Андрей занервничал, начал объяснять что-то о невыплаченном вовремя авансе, о том, что он на мели и что если бы она выслала ему денег на дорогу, то он бы приехал и решил в Москве свои финансовые проблемы.

Наташа вдруг обозлилась:

— Андрей, у меня мать и брат на руках. О каких деньгах ты говоришь?

А потом проплакала половину ночи, коря себя за жадность и опрометчивость. Ну что ей стоило! Ведь только что такие деньжищи получила, еще обменять не успела ни доллара. Тысяча деревянных, в конце концов, погоды не сделает. Но тайное, щемящее чувство попранной справедливости подсказывало ей, что она права. Где этот защитник, этот сильный человек, эта скала — опора семьи и дома. Сидит где-то в Тмутаракани, когда она бьется из последних сил, да еще и жалким голосом у нее же денег просит.

С кухни доносился запах свежесваренного кофе и гренок. Слышно было, как мать хозяйничает на кухне, стараясь не слишком шуметь, чтобы не разбудить дочь. Наташа поднялась и, как была в ночной рубашке, тихонечко пробралась в кухню.

Тонечка стояла у плиты наклонив голову, переворачивала деревянной лопаткой гренки на сковородке. Ее черные, как вороново крыло, волосы были собраны на затылке в пучок, открывая шею, всю в трогательных маленьких завитках. Наташа подкралась и, как в детстве, уткнулась носом в пушистую шею матери. Тонечка вздрогнула и рассмеялась, привлекая дочь к себе свободной рукой.

«Вот моя семья, — думала Наташа, — а я для нее стану и скалой, и защитником, и опорой».

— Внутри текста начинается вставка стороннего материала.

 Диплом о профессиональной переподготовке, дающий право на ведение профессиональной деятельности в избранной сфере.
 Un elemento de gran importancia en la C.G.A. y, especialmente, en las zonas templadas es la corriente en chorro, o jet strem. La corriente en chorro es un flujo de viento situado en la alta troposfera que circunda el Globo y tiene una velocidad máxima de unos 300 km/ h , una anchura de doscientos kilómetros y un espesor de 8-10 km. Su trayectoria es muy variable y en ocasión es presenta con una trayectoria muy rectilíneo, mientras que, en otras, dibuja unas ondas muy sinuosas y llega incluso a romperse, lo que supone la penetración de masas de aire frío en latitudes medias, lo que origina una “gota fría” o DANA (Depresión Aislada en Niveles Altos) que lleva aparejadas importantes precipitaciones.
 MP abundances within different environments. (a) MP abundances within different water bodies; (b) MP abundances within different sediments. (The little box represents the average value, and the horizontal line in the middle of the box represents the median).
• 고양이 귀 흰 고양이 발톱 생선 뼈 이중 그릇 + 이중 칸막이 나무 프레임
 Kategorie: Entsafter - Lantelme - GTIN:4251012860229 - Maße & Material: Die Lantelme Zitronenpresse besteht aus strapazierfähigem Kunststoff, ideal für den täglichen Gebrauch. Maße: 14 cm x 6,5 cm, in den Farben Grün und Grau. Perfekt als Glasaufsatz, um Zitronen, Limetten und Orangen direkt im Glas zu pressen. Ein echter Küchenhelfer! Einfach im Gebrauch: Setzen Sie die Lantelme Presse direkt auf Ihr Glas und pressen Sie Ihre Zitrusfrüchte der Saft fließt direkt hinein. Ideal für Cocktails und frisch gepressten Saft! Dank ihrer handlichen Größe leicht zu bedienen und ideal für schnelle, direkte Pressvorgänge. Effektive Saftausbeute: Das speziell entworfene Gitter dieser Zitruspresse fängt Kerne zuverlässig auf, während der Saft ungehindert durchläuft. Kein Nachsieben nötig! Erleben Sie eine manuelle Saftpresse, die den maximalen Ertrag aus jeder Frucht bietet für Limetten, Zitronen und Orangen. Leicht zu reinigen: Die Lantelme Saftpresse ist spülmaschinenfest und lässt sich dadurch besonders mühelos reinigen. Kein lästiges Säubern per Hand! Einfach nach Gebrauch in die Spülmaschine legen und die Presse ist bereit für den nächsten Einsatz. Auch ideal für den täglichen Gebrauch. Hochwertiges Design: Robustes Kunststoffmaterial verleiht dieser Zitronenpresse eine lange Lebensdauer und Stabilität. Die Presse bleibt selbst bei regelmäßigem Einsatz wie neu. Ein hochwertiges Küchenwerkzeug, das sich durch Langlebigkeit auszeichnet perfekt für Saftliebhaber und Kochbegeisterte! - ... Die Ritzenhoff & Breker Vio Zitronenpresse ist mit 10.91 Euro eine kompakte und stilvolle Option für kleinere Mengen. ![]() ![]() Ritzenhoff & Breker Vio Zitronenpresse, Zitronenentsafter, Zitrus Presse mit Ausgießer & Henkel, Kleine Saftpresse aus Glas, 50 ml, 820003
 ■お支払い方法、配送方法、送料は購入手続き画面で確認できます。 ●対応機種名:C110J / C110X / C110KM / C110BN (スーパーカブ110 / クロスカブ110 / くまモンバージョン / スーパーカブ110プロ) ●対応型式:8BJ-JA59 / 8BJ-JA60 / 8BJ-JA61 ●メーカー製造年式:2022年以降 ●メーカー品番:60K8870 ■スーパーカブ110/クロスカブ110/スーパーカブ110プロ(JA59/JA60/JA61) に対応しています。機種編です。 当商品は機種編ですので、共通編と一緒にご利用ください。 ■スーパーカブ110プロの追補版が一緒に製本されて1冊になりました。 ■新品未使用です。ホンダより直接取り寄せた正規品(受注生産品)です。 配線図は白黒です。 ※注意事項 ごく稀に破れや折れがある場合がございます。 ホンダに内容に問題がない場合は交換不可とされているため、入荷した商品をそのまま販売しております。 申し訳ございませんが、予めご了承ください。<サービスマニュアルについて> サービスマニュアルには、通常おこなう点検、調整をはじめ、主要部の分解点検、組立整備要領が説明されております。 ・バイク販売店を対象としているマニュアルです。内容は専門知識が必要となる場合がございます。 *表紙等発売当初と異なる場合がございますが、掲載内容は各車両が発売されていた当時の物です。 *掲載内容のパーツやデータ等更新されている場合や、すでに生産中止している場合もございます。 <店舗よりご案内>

— Какие планы, Татуся? — Они сидели втроем на кухне, Васятка наслаждался манной кашей с абрикосовым вареньем, Наташа с Тонечкой потягивали крепкий, ароматный кофе.

— По магазинам побегать, подготовиться к работе.

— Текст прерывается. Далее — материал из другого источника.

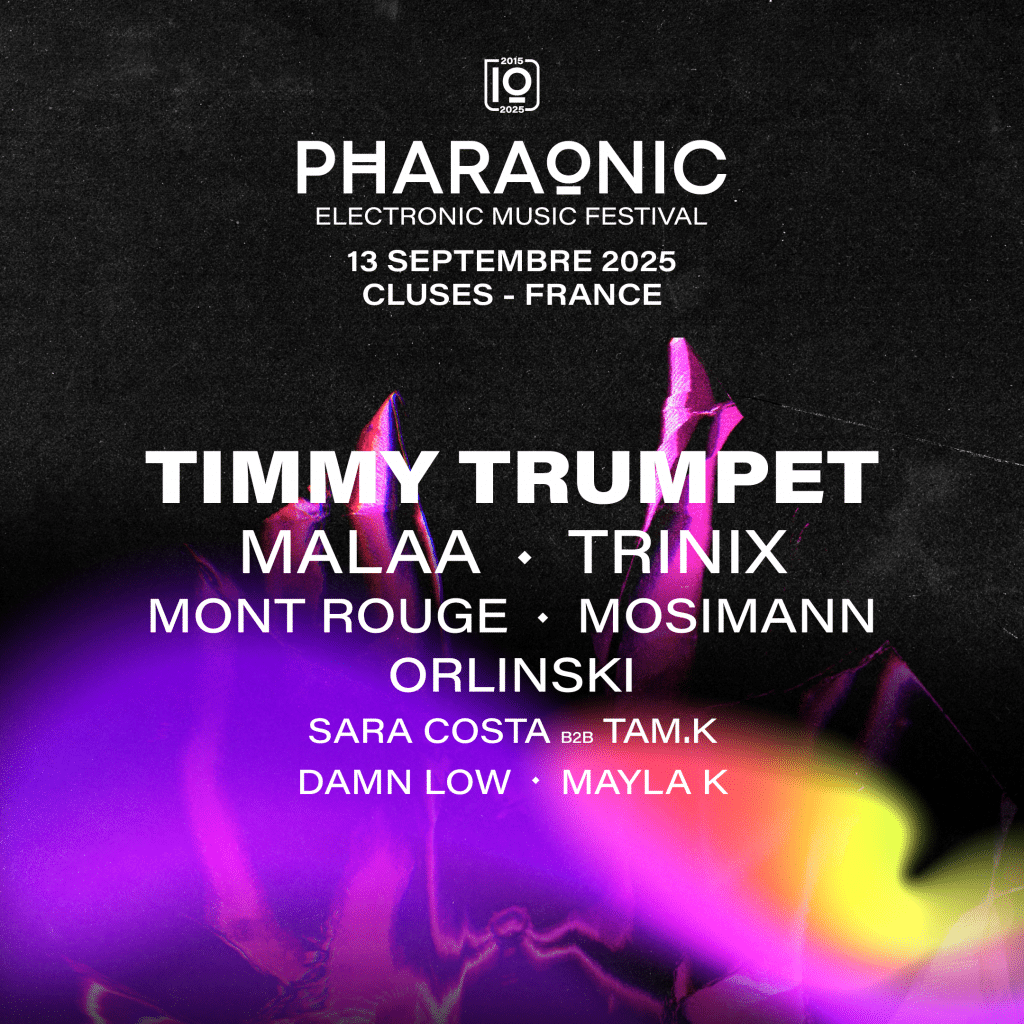 Pharaonic mettra aussi les femmes à l’honneur avec un back-to-back 100 % féminin entre Sara Costa et Tam.K, et une ouverture solaire signée Mayla K, résidente Fun Radio. Le local de l’étape Damn Low conclura les festivités avec un set diabolique, et un dernier nom s’ajoutera via le Tremplin DJ, dont le lauréat ouvrira le festival.

— Я попросила Зою Егоровну с Васенькой посидеть. Давай сходим вместе. Купим тебе платье. Оленька тебя на смотрины пригласила?

— Во-первых, это теперь называется тусовка. Во-вторых, невелика птица Оленькин жених, чтобы вечернее платье ради него покупать.

— Тата, Оля твоя подруга с детства, и ты обязана отнестись хотя бы с уважением к ее выбору.

— Мам, он же из новых русских, ты знаешь, как я к ним отношусь.

— Вот и зря. Они, может быть, такие именно потому, что мы к ним так относимся. По крайней мере, подругу поддержать ты обязана. У меня есть где-то бархатное платье. Но тебе, наверное, надо что-нибудь современное.

Наташа почему-то не захотела говорить матери, что уже надевала его, что была в ресторане, что приглашал ее туда такой элегантный и, судя по всему, богатый, взрослый мужчина.

Почему-то Наташе показалось постыдным сказать об этом матери.

Когда они выходили из дома, празднично-возбужденные, как всякие женщины перед походом в магазины, Наташа все же потихоньку оглядывалась, коря себя за мнительность и подозревая у себя нервное расстройство. Но ни на лестничной клетке, ни в лифте, ни в просторном вестибюле никаких подозрительных субъектов не обнаружила.

Консьержка, пожилая, одинокая женщина, которую содержали всем подъездом, хотя при домофонах консьержка вовсе была не нужна, строго оглядела их, предупредив, по своему обыкновению, чтобы вовремя вынимали корреспонденцию из почтовых ящиков.

— Почтальонка жалуется, что ящики вечно полнехоньки, невозможно почту впихнуть.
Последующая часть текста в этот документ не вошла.